Friday, June 1, 2012

Map Analysis: Lakeville


Each map in World of Tanks has some optimal places for tanks to go. No strategy is perfect and often times player skill rules, but a good strategy followed by a platoon can often times swing things in your favor. This series will hopefully lay out some ground work and give ideas on how best to tackle a map by analyzing the standard game play for each map.
An isolated mountain valley on one flank, and city blocks on the other allow you to thrust close enough to the enemy. A large lake in the middle gives long-range weapons a clear field of fire.
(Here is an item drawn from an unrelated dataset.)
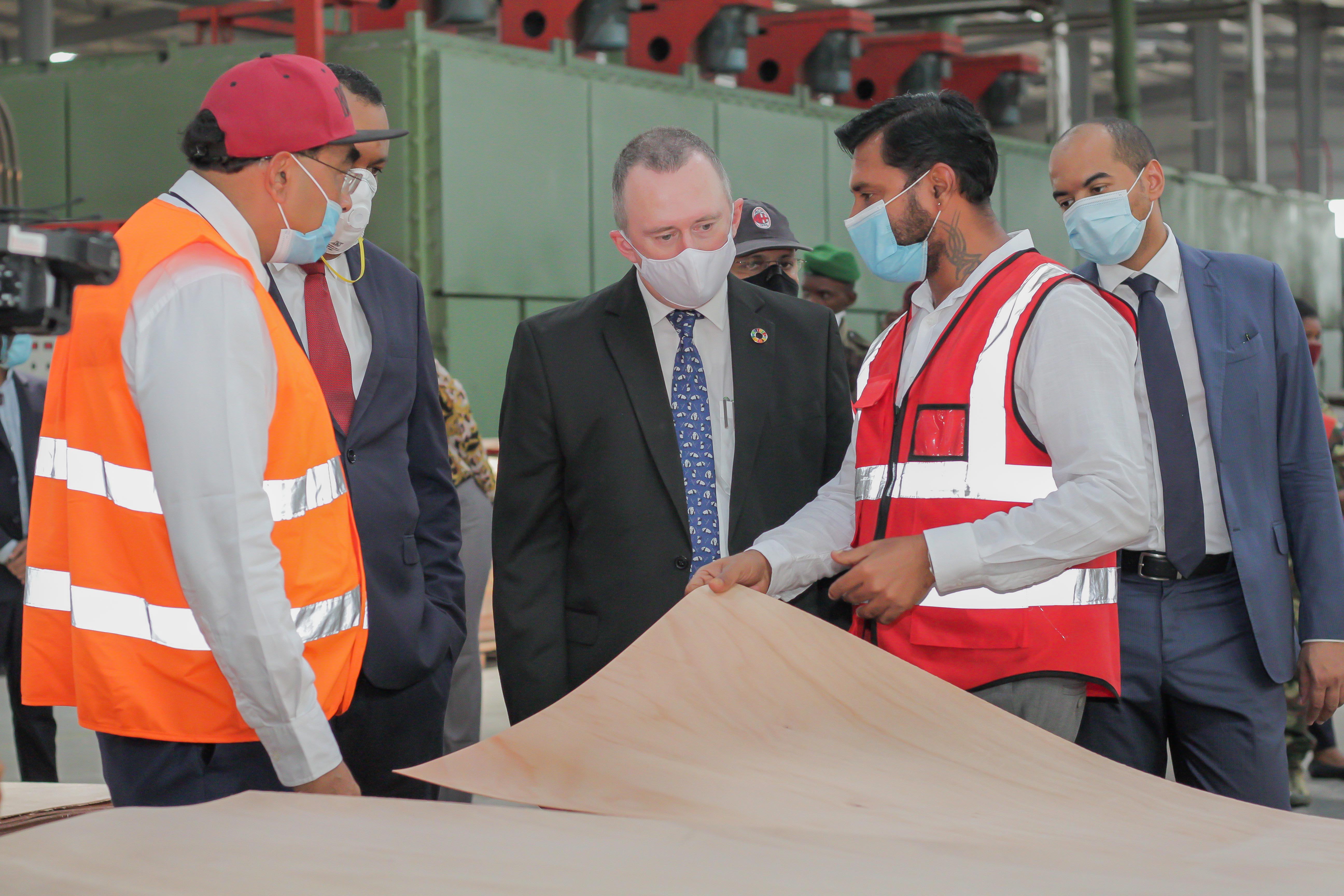Le ministre des Eaux, des Forêts, de la Mer, de l’Environnement, chargé du Plan climat, des Objectifs de développement durable et du Plan d’affectation des Terres, Prof. Lee White, accompagné de son ministre délégué, M. Oswald Séverin Mayounou, et du directeur général des industries, du commerce, du bois et de la valorisation des produits forestiers, M. Auguste Ndouna Ango, a visité ce jour les unités de transformation du bois Greenply, Wood Tech, Cluter, et Starply Gabon situées dans la Zone économique spéciale de Nkok.
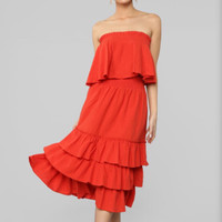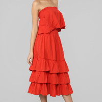Fashion Nova Red Señorita Ruffled Skirt Set

Lakeville has several different terrain features that make choosing a path with which to attack and defend from a difficult process. This guide will focus more on the lanes and how different they are rather than the tanks that will typically traffic the areas. One of the more complex maps in terms of terrain effects leads itself to be favored as a map requiring sound strategy. Too few members in any one section can easily lead to a loss, but certain areas can successfully be held by bottlenecking the area long enough by a couple of key tanks to allow a disproportionate sized force pull off a successful attack.








The first area to cover is the town that the map is named after, Lakeville. The town proper is fairly dense with buildings and rubble blocking lines of sight to prevent one from taking shots from one end of a street to another as in other city maps. With several ways to flank the other force, from the center of town around the church, to the lake side street, and even the 0 column road, any tank can successfully navigate behind an enemy force if they are focused on other targets without being seen until it is too late.







The center of the map is the equivilent to a two lane county highway in the backwoods of South Cackalacky, twists and turns everywhere provide cover from enemy tanks coming down the center, but there is very little room to maneuver at all. The center and the town both have decent view lines at each other, with the center being significantly exposed to tanks peeking between rooftops, save for the occasional rock outcropping. Most tanks avoid this road except for a handful on occasion, and so this road can become fairly vital if ignored as it allows quick access into the center of the capture zones. One tank in this area can make the difference between a win or loss, there is no way around this statement as this area is far too valuable to be completely ignored.








The valley is a very difficult approach, but a necessary one. There is a choke-point at the crest of the hill in the center where any team crossing becomes exposed with little hope of concealment. This of course being in addition to all tanks suffering a movement penalty as the valley is considered to be soft ground. Most SPGs watch this area as it is the easiest to hit targets in, and it will typically see TDs using concealed elevated positions to cover the crest of the hill mentioned earlier. Without a sufficient push in this area, tanks can slowly be picked off one by one, or worse, without any tanks in this area it can easily allow for a large force to advance through unchallenged.

Lakeville is a tricky map to distribute tanks for as a lot of it requires luck of having the right forces in right area at the right time; or having skilled players be able to hold their ground at the key choke-points while the rest of the force is able to capture the base. With sight line penalties in one area, movement penalties in another, one must choose the area they feel they can best help their team based on how they know they can perform in different terrain.

Effectively plan around this analysis, use the route to your advantage to best take on what tanks to expect in each area, and always support where areas are lightly defended but be ready to reenforce as needed. With a good platoon at your side, and now knowing this map better, lake side property has never been so valuable until now.